Obama and the Ghost of Lyndon Johnson

Obama and the Ghost of Lyndon Johnson

"Like LBJ then, Obama will do all he can to avoid his foreign-policy problems becoming disasters for his presidency—even if this means perpetuating them as disasters for other people, now and in the future."

President Obama’s foreign policy is under fire—again. As the security situation in Iraq continues to worsen and the humanitarian crisis there mounts, some critics accuse the president of doing “too little, too late” to staunch the loss of civilian lives, while others chastise him for getting dragged into yet another unwanted (ill-advised, they say) military engagement. Even Hillary Clinton, Obama’s own first-term secretary of state, has lambasted the White House for lacking “organizing principles” when it comes to foreign policy.

The point that Clinton’s charge addresses, that there has been no coherent plan to govern how the administration has deployed U.S. military and diplomatic power over the past six years, has been one of the most vexing aspects of the Obama presidency. Is there an Obama Doctrine? If so, what is it? If not, why not? Is Obama a realist, a liberal internationalist or something altogether different?

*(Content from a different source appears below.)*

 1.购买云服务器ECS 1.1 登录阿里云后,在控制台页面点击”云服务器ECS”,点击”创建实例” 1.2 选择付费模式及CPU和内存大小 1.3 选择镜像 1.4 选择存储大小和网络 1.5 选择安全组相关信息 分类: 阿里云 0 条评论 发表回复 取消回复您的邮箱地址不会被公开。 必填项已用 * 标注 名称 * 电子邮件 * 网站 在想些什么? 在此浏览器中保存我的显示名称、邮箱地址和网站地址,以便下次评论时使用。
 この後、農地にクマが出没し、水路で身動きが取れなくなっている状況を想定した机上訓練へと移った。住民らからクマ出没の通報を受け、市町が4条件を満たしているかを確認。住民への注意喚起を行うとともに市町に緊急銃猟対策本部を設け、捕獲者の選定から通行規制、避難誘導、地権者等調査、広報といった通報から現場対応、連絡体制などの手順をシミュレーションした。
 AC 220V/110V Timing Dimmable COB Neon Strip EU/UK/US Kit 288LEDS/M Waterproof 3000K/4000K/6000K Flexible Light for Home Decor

In truth, Obama has not made himself beholden to any single set of codified foreign policy principles. There is no Obama Doctrine. But nor is the president purely reactive as others would have it, lurching from crisis to crisis without any sense of what he wants to achieve from his foreign policy. What too many people miss, however, is that foreign policy is not merely an instrument of solving international problems. Rather, it is also deployed with reference to domestic political goals firmly in mind. In this sense, the official language of not doing “stupid stuff” is probably quite an accurate description of the decision-making code that operates within the White House.

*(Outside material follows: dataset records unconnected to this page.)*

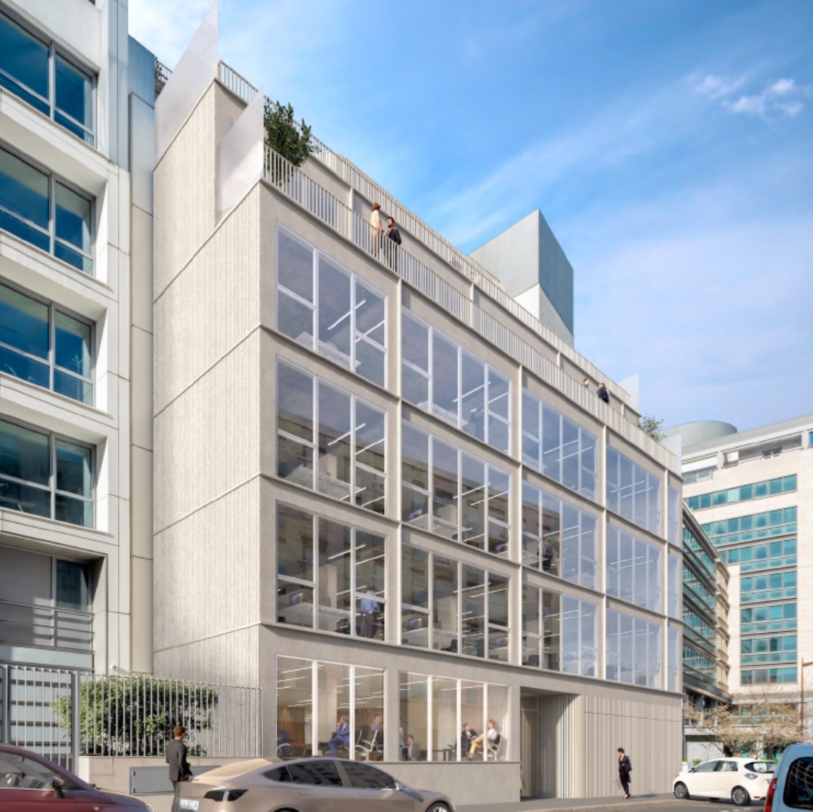 À louer bureaux à Neuilly 92200, dans le quartier animé et commerçant de la Place de Madrid. Un immeuble avec espaces extérieurs : un jardin commun au RDC, une terrasse privative au 5ème étage, seul étage ayant accès au rooftop du 6ème ! Les plateaux de 330 m²...
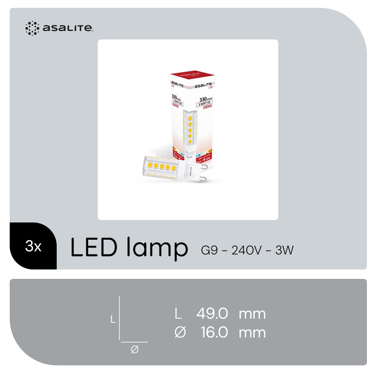 De Asalite LED Lamp met G9 fitting is een energiezuinige verlichtingsoplossing die geschikt is voor diverse toepassingen zoals wandlampen, plafondspots en meubelverlichting. Deze lamp biedt een helderheid van 330 lumen en straalt een warm wit licht van 3000K uit, wat zorgt voor een aangename sfeer in elke ruimte. De lamp is niet dimbaar en werkt op een spanning van 220-240V.
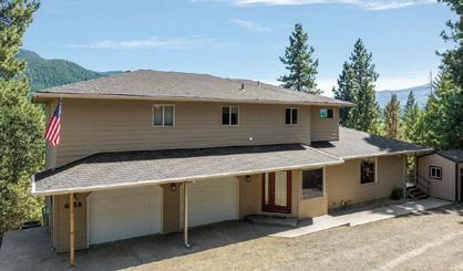 Split Level Home, Blocks from Downtown Sloping backyard with spring fed creek. Main level: 3 bedrooms, 1 bath, kitchen, dining and living room. View of river is seasonal although there are peeks from two bedrooms. Lower level: large open bonus room,1 bath/laundry and two car garage.
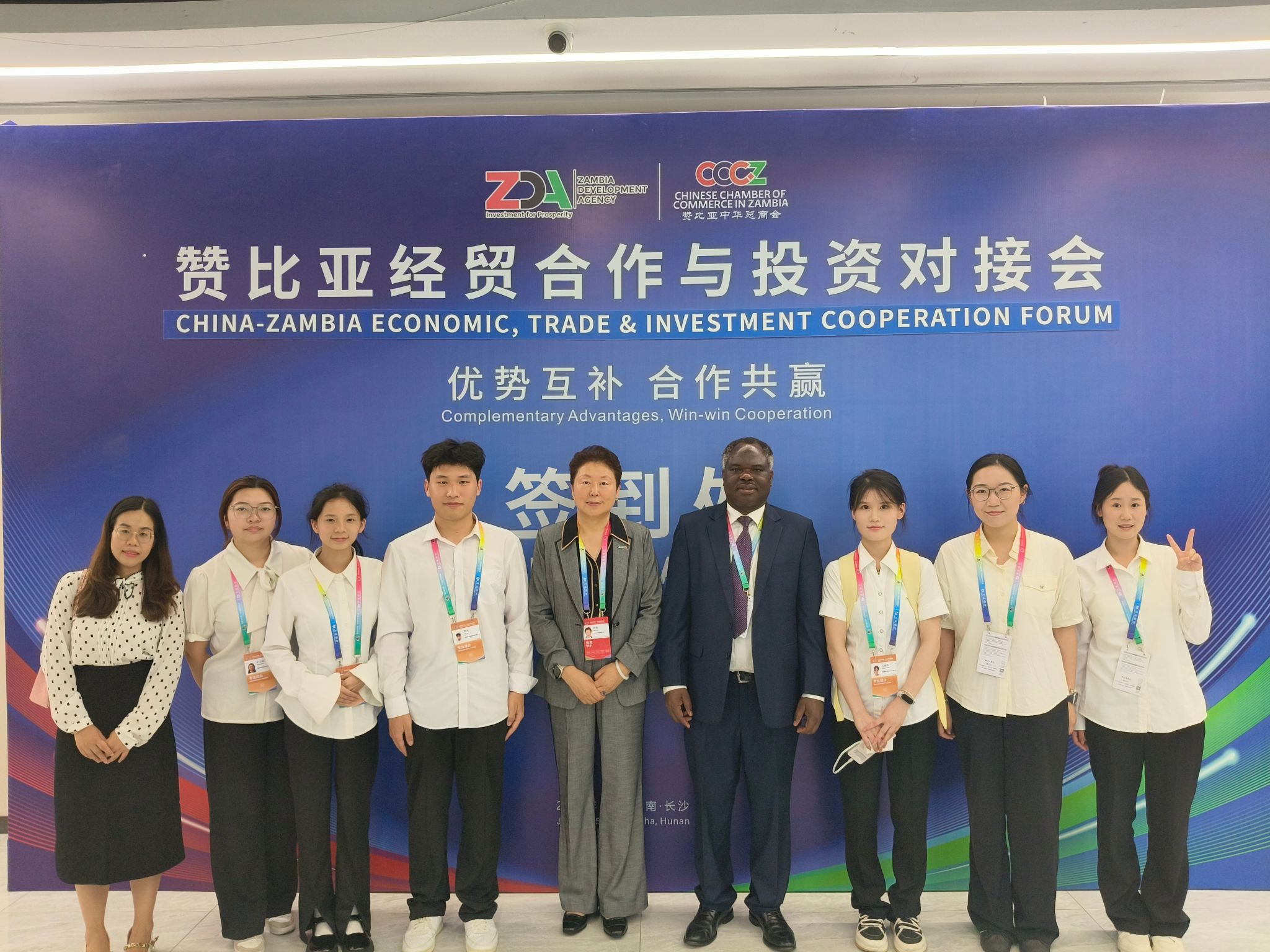 (通讯员 黄雅丽)6月12日至13日,星空app官网外国语学院19名师生组成的专业团队,深度服务“湘商-中非经贸促进专场对接会”“赞比亚经贸合作与投资对接会”等会议,以卓越的语言能力和跨文化服务水准赢得中外嘉宾高度赞誉,成为深化中非交流的“关键纽带”。
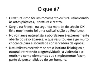O documento descreve o movimento naturalista no Brasil e na França no século XIX. O naturalismo surgiu na França como uma radicalização do realismo e retratava os instintos humanos de forma crua. No Brasil, o naturalismo chegou no final do século XIX e abordou temas como a vida nos cortiços e o preconceito social. Aluísio de Azevedo foi o pioneiro deste movimento no Brasil com obras como O Mulato e O Cortiço.
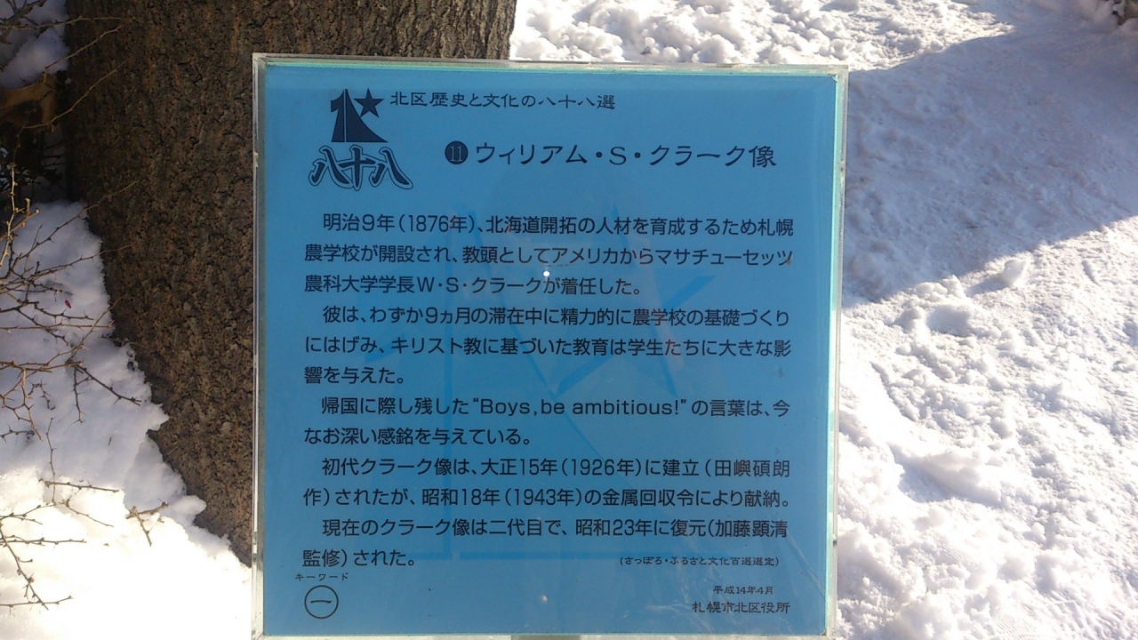 北海道大学構内の古河記念講堂前に設置されているクラーク像は、羊ヶ丘展望台をはじめとする市内数か所に所在するクラーク像の中で最も古い青銅像だと云われています。
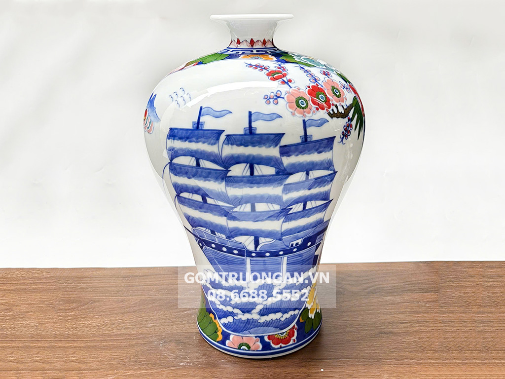 Gốm Trường An xin giới thiệu đến quý khách hàng sản phẩm Mai Bình được vẽ họa tiết Thuận Buồm Xuôi Gió Đài Loan , đây là sản phẩm đang được bán chạy nhất năm nay gần nhất . Mai bình tích lộc là một loại vật phẩm phong thủy có hình dáng tương đối giống với bình hút tài lộc shop .
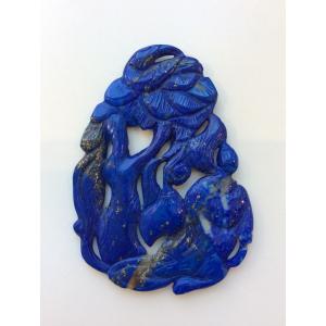ラピスラズリ カービングプレート 「ライオン」両面彫り インテリア お守り 12月誕生石
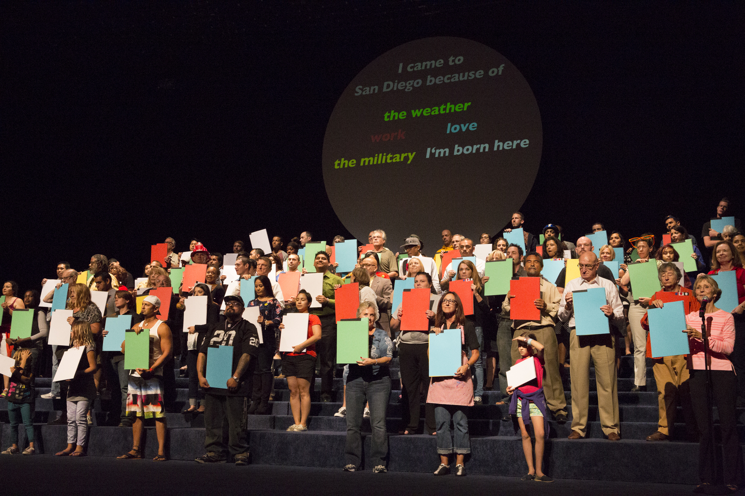 100% San Diego – a gathering that is a city, a group just beginning to experience itself, a choir that has never practiced, an impossible entity with many faces – assembled into ever-changing new group pictures: group pictures as replacement for family – as fleeting portraits of belonging. Who is missing? Who thinks they might give answers on stage that are different from the ones they’d give in response to a telephone survey or in the voting booth? And what have the statistics failed to record? Who lives in a completely different San Diego? Who thinks that this city is different because they are a part of it?

It must be remembered that, for Obama, domestic politics comes first. In 2009, Obama faced a major economic crisis and led a party with high expectations of legislative success on the home front. Today, he feels under pressure to deliver a legacy in terms of domestic achievements. The president came into office seeking to end the “dumb war” in Iraq and with a firm view towards concluding America’s mission in Afghanistan (albeit, as it ultimately turned out, under the political cover of a temporary surge in troop numbers). As president, he shunned a leading role over Libya and has done his utmost to avoid large-scale commitments in Syria, Crimea and Iraq.

To understand how Obama’s preoccupation with the domestic arena affects his foreign policy, it is helpful to look back on one of his predecessors in the Oval Office: Lyndon Johnson. As already noted on The National Interest, this month marks the 50th anniversary of the Gulf of Tonkin Resolution, a piece of legislation that was later used by Johnson to assume wide-ranging powers for the waging of war in Vietnam. Yet as Peter Edwards points out, Johnson’s actions in August 1964 were not a political play to politicize American foreign policy, but rather an attempt to minimize Vietnam and neutralize Southeast Asia as an issue ahead of the 1964 general election.

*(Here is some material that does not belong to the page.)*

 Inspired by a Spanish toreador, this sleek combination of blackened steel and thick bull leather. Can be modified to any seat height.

LBJ was not a natural hawk. Although he believed in the need to contain international communism, he much preferred applying this talents to the cause of domestic reform. Vietnam represented a distraction, an unwanted foreign-policy problem that threatened to derail Johnson’s presidency and jeopardize his cherished Great Society.

In the event, of course, LBJ ramped up the U.S. presence in Vietnam between 1965 and 1968. Yet in this, too, Johnson was largely motivated by the same domestic-political reasons that had led him to downplay Vietnam in ’64. As Leslie Gelb argued years ago, Johnson—like U.S. presidents before and after him—always committed just enough American resources to avoid losing South Vietnam, but never agreed to invest enough to win against North Vietnam. The goal—albeit an unsuccessful one—was to deny LBJ’s political opponents the accusation that the president had “lost Vietnam.”

Obama today faces a similar quandary. He wants to focus on domestic politics. Yet he has been dragged into the foreign-policy arena time and time again. Because of his precarious domestic position, Obama cannot afford to sustain a brutal and clear-cut failure in foreign policy. Like LBJ then, Obama will do all he can to avoid his foreign-policy problems becoming disasters for his presidency—even if this means perpetuating them as disasters for other people, now and in the future. In other words, Obama will seek to avoid accusations of negligent inaction or abject incompetence—but he will not do enough to resolve any of the underlying issues. Few will be happy with such an approach. Many will be disappointed.

Peter Harris is a Ph.D. candidate in the Department of Government at the University of Texas, Austin and a Visiting Lecturer in Politics at Earlham College.